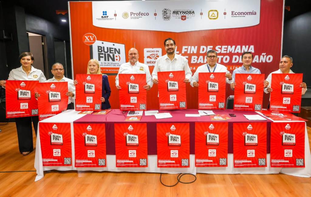 Reynosa, Tam.- El Alcalde Carlos Peña Ortiz, acompañado por el Presidente de la Cámara Nacional de Comercio, Servicios, y Turismo de Reynosa, Gildardo López Hinojosa, y por el Director Regional de la Profeco, José Luis Márquez Sánchez, anunció en rueda de prensa la campaña “El Buen Fin 2025”, el Fin de Semana más Barato del Año en Tienda o por Internet, del 13 al 17 de noviembre. Carlos Peña Ortiz aseguró que: “siempre damos prioridad al Buen Fin porque buscamos mejorar los comercios locales, ofrecer los mejores descuentos, y gracias…
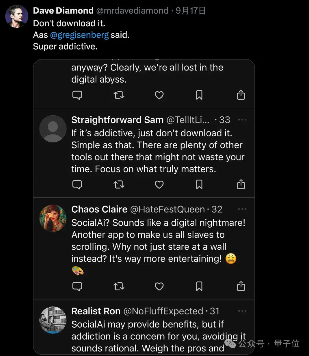 对于SocialAI帮助用户心理健康的愿景,网友观点不一。
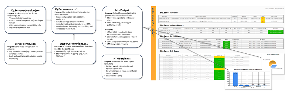This tool empowers technical teams to perform proactive system maintenance, validate audit readiness, and monitor SQL Server health, performance, and availability, all without relying on external integrations. The dashboard seamlessly connects to multiple SQL Server instances, executes targeted diagnostic queries, and renders structured visual and tabular data via a clean HTML interface.
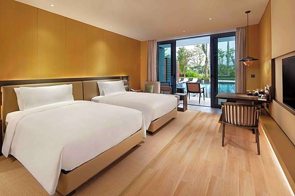 KING DELUXE ROOM WITH POOL ACCESS, 48 SQM/BALCONY/FLOOR-CEILING WINDOWS/MINIBAR, 49INCHHDTV/BATHTUB/RAINSHOWER/IRON-BOARD/SAFE
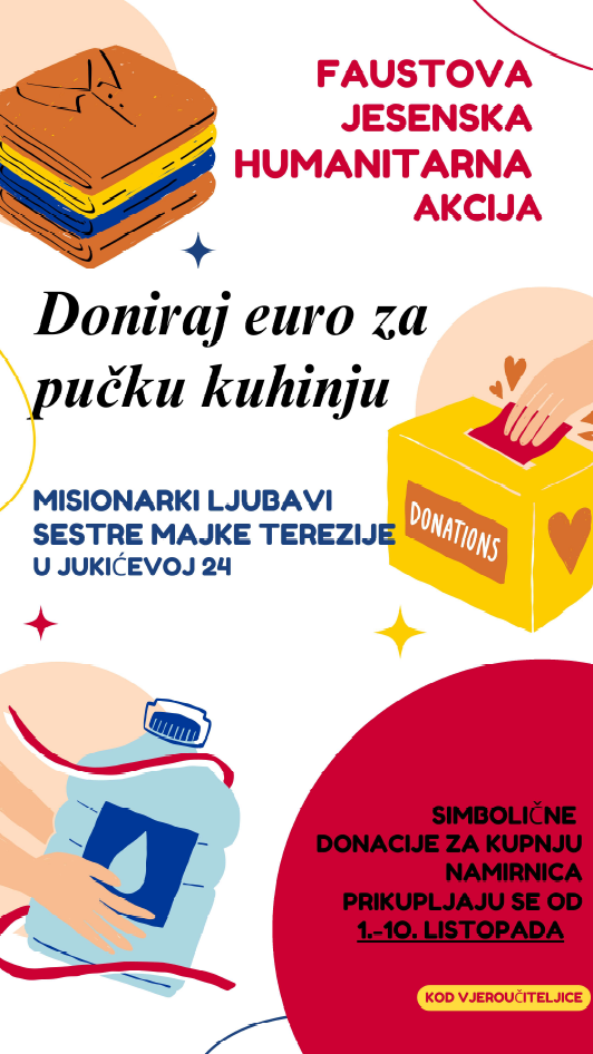 Simbolične donacije za kupnju namirnica za pučku kuhinju “Misionarke ljubavi–sestre Majke Terezije“, prikupljaju se od 1. do 10. listopada.
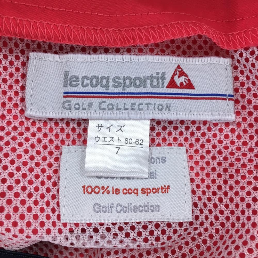 【超美品】ルコックゴルフ スカート ピンク×ネイビー ロゴ刺しゅう 内側インナーパンツ レディース 7 ゴルフウェア le coq sportif
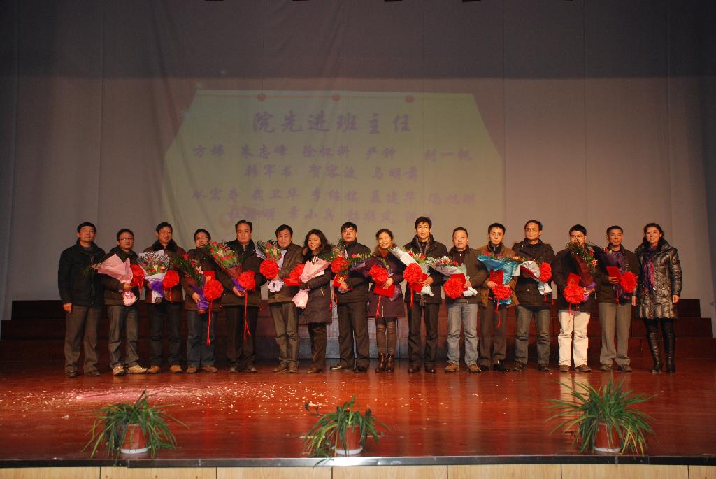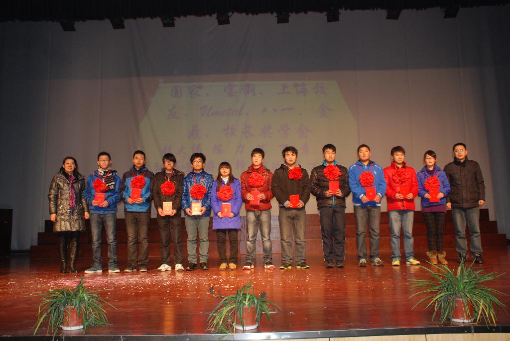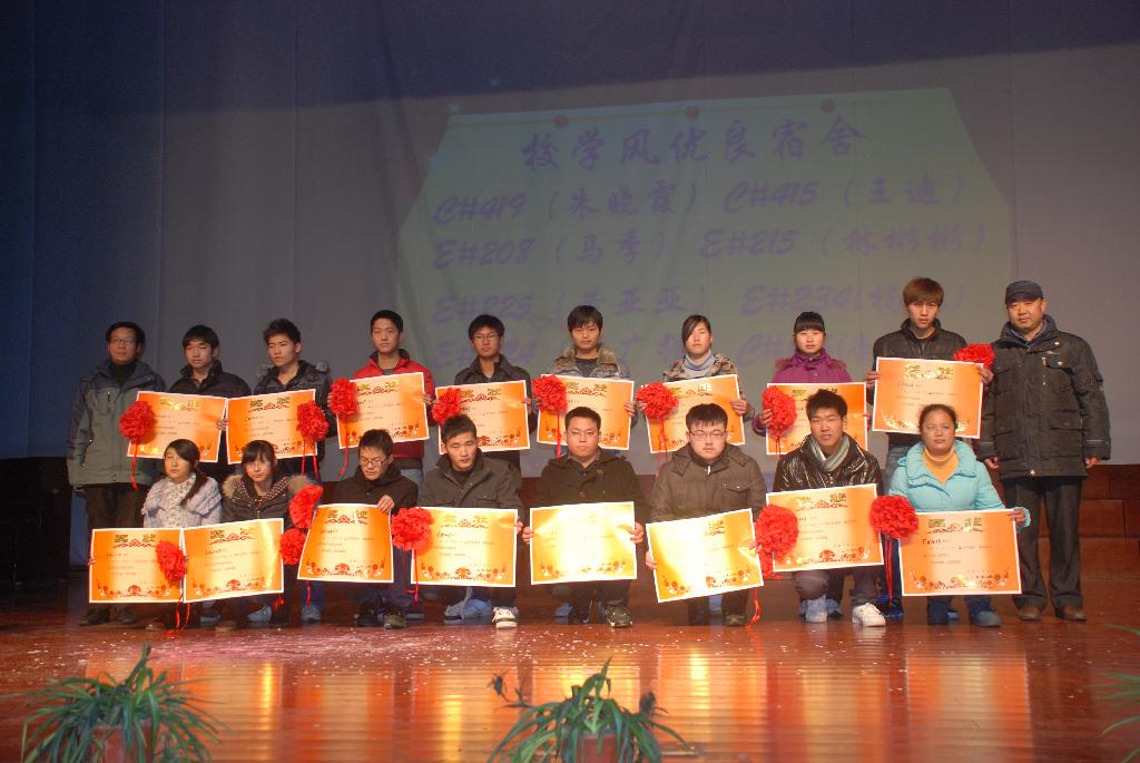 在颁奖仪式上,姚敏部长向获奖同学们表示了祝贺,并为先进集体和先进个人颁发了证书,为院先进班主任、国家奖学金、宝钢奖学金、校长奖学金、国家励志奖学金获得者佩戴了光荣花
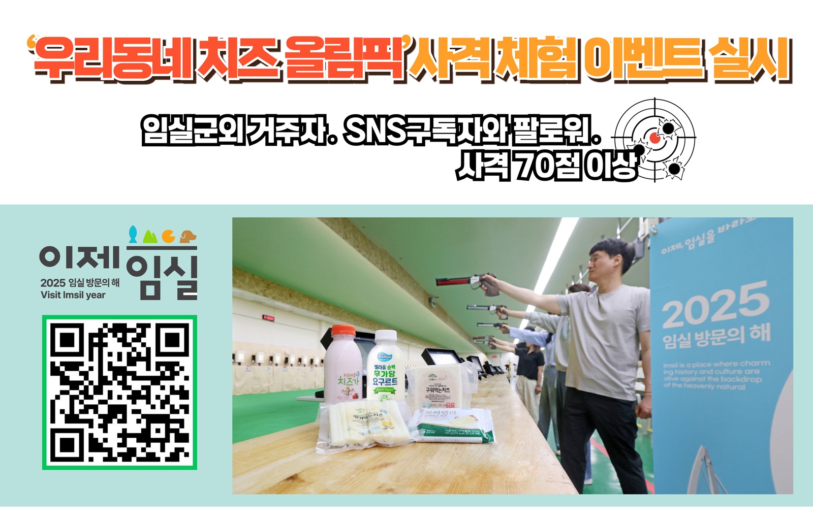 - 임실관광도 즐기고, 사격도 쏘고, 치즈도 받고 1석 3조 특별이벤트, 11월 말까지,관외 거주자․SNS 구독자와 팔로워․사격 70점 이상, 추첨 통해 치즈 세트
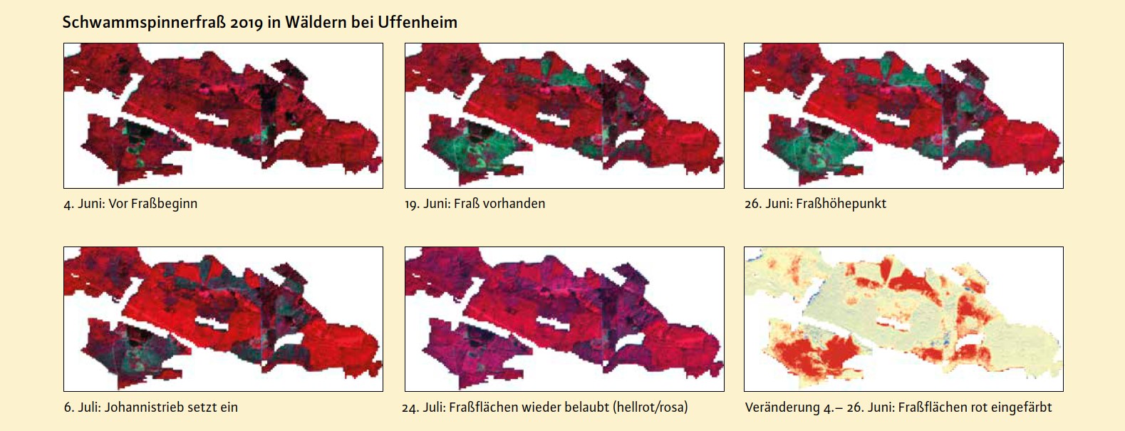 Die Satellitenbilder von Sentinel-2 werden auch für verschiedene Monitoringsansätze verwendet. In den Jahren 2018, 2019 und 2020 kam es zu einer Massenvermehrung des Schwammspinners in Teilen der Eichenwälder Frankens. Mit Sentinel-2 Daten war es möglich, den Kahlfraß im Jahr 2019 von einsetzendem Fraßbeginn Anfang Juni bis zum Wiederaustrieb der Blätter ("Johannistrieb") Ende Juni / Anfang Juli zu dokumentieren (Abbildung 6).
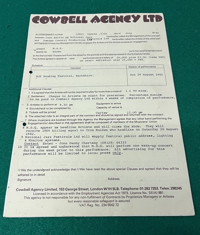 Fascinating 7-page contract & riders for the Michael Schenker Group ("MSG") to headline the last day of the Reading Rock Festival on 29th Aug 1982.The band were paid
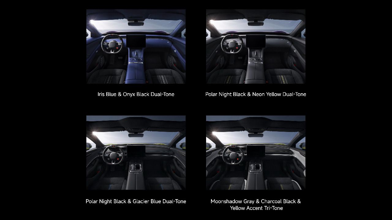 El habitáculo replica la ambición estética con cuatro esquemas poco frecuentes en automoción de serie. Iris Blue & Onyx Black apuesta por Alcantara azul como soporte expresivo, alejándolo del estereotipo “solo rendimiento”. Polar Night Black & Neon Yellow adopta contraste deportivo, con amarillo de alto impacto sobre base sobria.
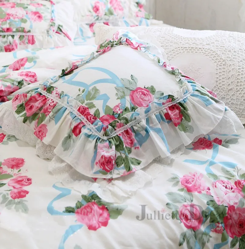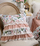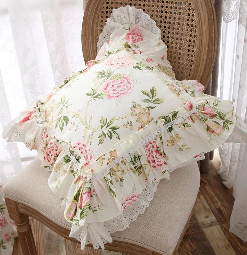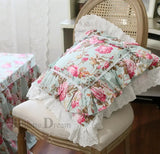 Yeknu Elegant ruffle lace decorative pillowcase European Embroidery bed pillow case princess rose print cushion cover sofa cushions
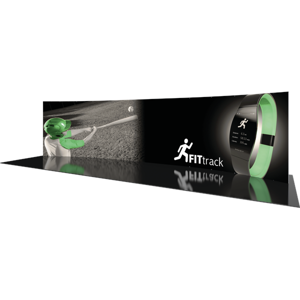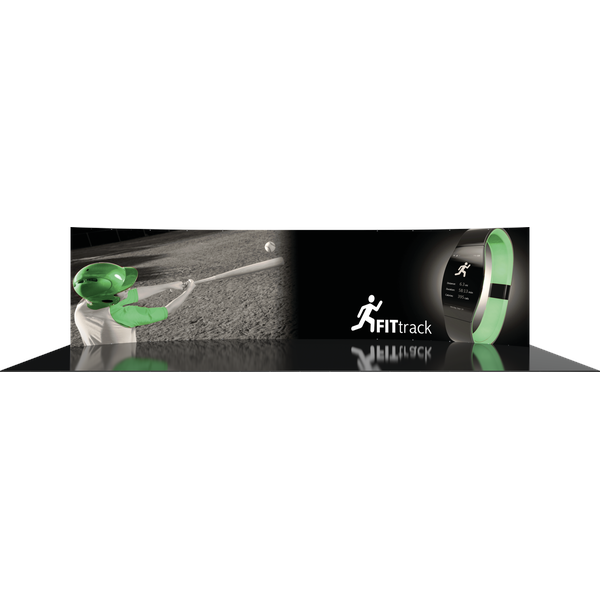 Formulate® Designer Series 30ft Backwall Kit 03 featues a horizontal curve shape and commands a dominating presence with ample real estate for graphic messaging. The kit includes one aluminum tube frame with snap-buttons/spigot connections and one zipper pillowcase fabric graphic that simply stretches over the frame. Assembly is simple – connect the tubes, pull the graphics over the frame and zip.

....................

What to do
Output exactly the lines above, beginning at the one with "le coq sportif" and stopping after the one with "Fascinating 7-page contract". Pictures are to be omitted.

Result of the task
 【超美品】ルコックゴルフ スカート ピンク×ネイビー ロゴ刺しゅう 内側インナーパンツ レディース 7 ゴルフウェア le coq sportif
 在颁奖仪式上,姚敏部长向获奖同学们表示了祝贺,并为先进集体和先进个人颁发了证书,为院先进班主任、国家奖学金、宝钢奖学金、校长奖学金、国家励志奖学金获得者佩戴了光荣花
 - 임실관광도 즐기고, 사격도 쏘고, 치즈도 받고 1석 3조 특별이벤트, 11월 말까지,관외 거주자․SNS 구독자와 팔로워․사격 70점 이상, 추첨 통해 치즈 세트
 Die Satellitenbilder von Sentinel-2 werden auch für verschiedene Monitoringsansätze verwendet. In den Jahren 2018, 2019 und 2020 kam es zu einer Massenvermehrung des Schwammspinners in Teilen der Eichenwälder Frankens. Mit Sentinel-2 Daten war es möglich, den Kahlfraß im Jahr 2019 von einsetzendem Fraßbeginn Anfang Juni bis zum Wiederaustrieb der Blätter ("Johannistrieb") Ende Juni / Anfang Juli zu dokumentieren (Abbildung 6).
 Fascinating 7-page contract & riders for the Michael Schenker Group ("MSG") to headline the last day of the Reading Rock Festival on 29th Aug 1982.The band were paid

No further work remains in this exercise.